If possible, the vocabulary should use terminology that is generic rather than specific to a particular database or type of usage. This will make the schema addition more reusable.
Type Abstraction
In order to accomodate both MySQL and Oracle within a single schema specification, the BioWarehouse defines a set of abstract types that are usable as column types in table specifications. These are defined in all-schema.xml. The complete set is listed below; this set is extensible:
   <datatypes xmlns:xsi="http://www.w3.org/2001/XMLSchema-instance">
        <dtype notation="@varchar" mysql="VARCHAR" oracle="VARCHAR2"
             description="@varchar(nnn): a varying-length string of length <= nnn"/>
        <dtype notation="@datetime" mysql="DATETIME" oracle="DATE"
             description="a date and/or a time"/>
        <dtype notation="@real32" mysql="FLOAT" oracle="NUMBER"
             description="signed floating point types using 32 bits"/>
        <dtype notation="@real64" mysql="DOUBLE" oracle="NUMBER"
             description="signed floating point types using 64 bits"/>
        <dtype notation="@int16" mysql="SMALLINT" oracle="NUMBER"
             description="signed integral types using 16 bits"/>
        <dtype notation="@int32" mysql="INT" oracle="NUMBER"
             description="signed integral types using 32 bits"/>
        <dtype notation="@int64" mysql="BIGINT" oracle="NUMBER"
             description="signed integral types using 64 bits"/>
        <dtype notation="@byte32" mysql="LONGBLOB" oracle="BLOB"
             description="binary data of length <= 4294967295 bytes"/>
        <dtype notation="@string10" mysql="TEXT" oracle="VARCHAR2(4000)"
             description="a varying-length string of length <= 2047"/>
        <dtype notation="@string16" mysql="TEXT" oracle="CLOB"
             description="a varying-length string of length <= 65535"/>
        <dtype notation="@string32" mysql="LONGTEXT" oracle="CLOB"
             description="a varying-length string of length <= 4294967295"/>
        <dtype notation="@wid" mysql="BIGINT" oracle="NUMBER"
             description="a Warehouse Identifier (a number that is unique throughout the Warehouse)"/>
        <dtype notation="@number" mysql="DECIMAL" oracle="NUMBER"
             description="@number(precision,scale): any number for which exact precision is preserved."/>
        <dtype notation="@boolean" mysql="CHAR(1)" oracle="CHAR(1)"
             description="a boolean value: 'T' for true and 'F' for false"/>
        <dtype notation="@char" mysql="CHAR(1)" oracle="CHAR(1)"
             description="a single character value"/>
    </datatypes>
Normalization
Generally the tables comprising the BioWarehouse are normalized in the sense that no data is replicated in multiple columns. An exception is that both the Entry table and all object tables contain a DataSetWID column. This is done for efficiency considerations, to avoid the need to join an object table with the large Entry table to query for its WID.
Keys and indexing
Each object table has a column named WID, which uniquely identifies the object. This column is a primary key of the table. There are no secondary keys defined in the BioWarehouse. Since the BioWarehouse represents data from different sources, it is hard in general to make any uniqueness assumptions about any other columns or combination of columns in any tables.

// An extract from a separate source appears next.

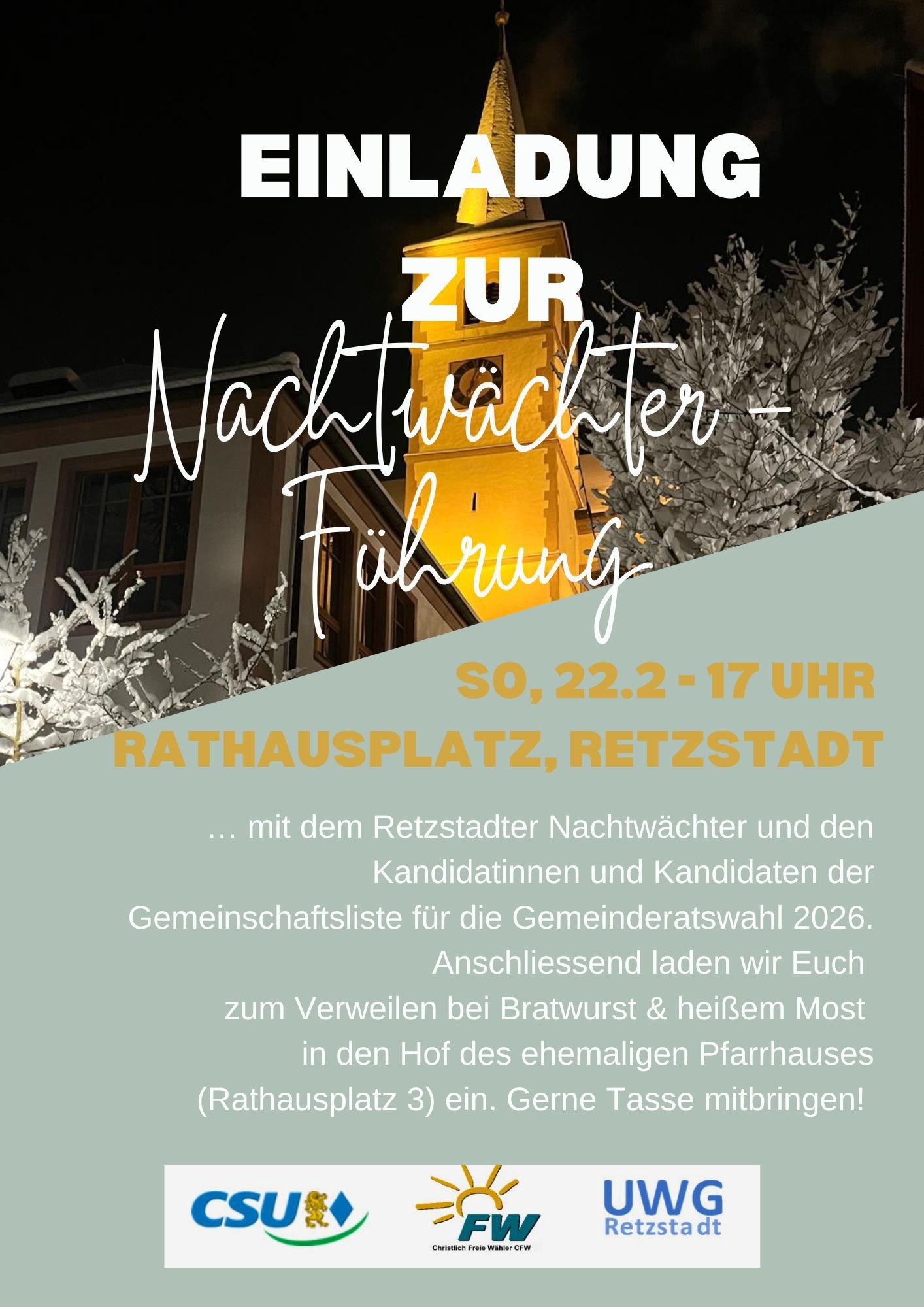 Gemeinderatswahl 2026 in Retzstadt – CSU, CFW und UWG Liebe Bürgerinnen und Bürger von Retzstadt, wir laden Euch herzlich zur Nachtwächterführung am Sonntag, den 22. Februar, um 17:00 Uhr, mit…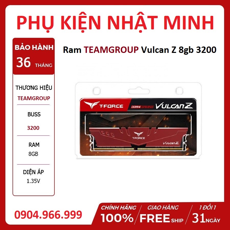Máy tính & Laptop > Linh Kiện Máy Tính > Ram Máy Tính || Ram máy tính PC Team Group Vulcan Z 8G/3200 Tản nhiệt 8GB (1x8GB) DDR4 3200Mhz hàng thương hiệu chính hãng BH 36 thángCòn hàng

To assure efficient queries, each table in the BioWarehouse must be indexed appropriately. Primary keys are indexed automatically by both Oracle and MySQL, so no additional specification need be done other that making these columns primary keys.
The BioWarehouse supports two slightly different ways to specify indexes, depending on whether the index is required by data loaders, or simply needed for efficient querying once all data is loaded. All indexes are specified in the schema file using the <index> tag. If an index is required during loading, the initial=true is specified in the <index> tag. Such indexes are defined when the schema is created, and are present during loading.
Non-initial indexes are computed en masse at the discretion of the BioWarehouse administrator, usually after all, or a significant portion, of the data to be loaded is loaded. The performance tradeoff is that initial indexes degrade loading performance slightly, since they must be maintained by the DBMS during loading, so they are typically used only when that column of the table is used in the WHEN clause of a SQL SELECT or SQL UPDATE during loading.
The BioWarehouse uses simple heuristics in deciding which columns to index. For the most part, each column in each table has an index. Exceptions are boolean and controlled-vocabulary columns that have few distinct values; indexing these columns typically does not improve performance significantly.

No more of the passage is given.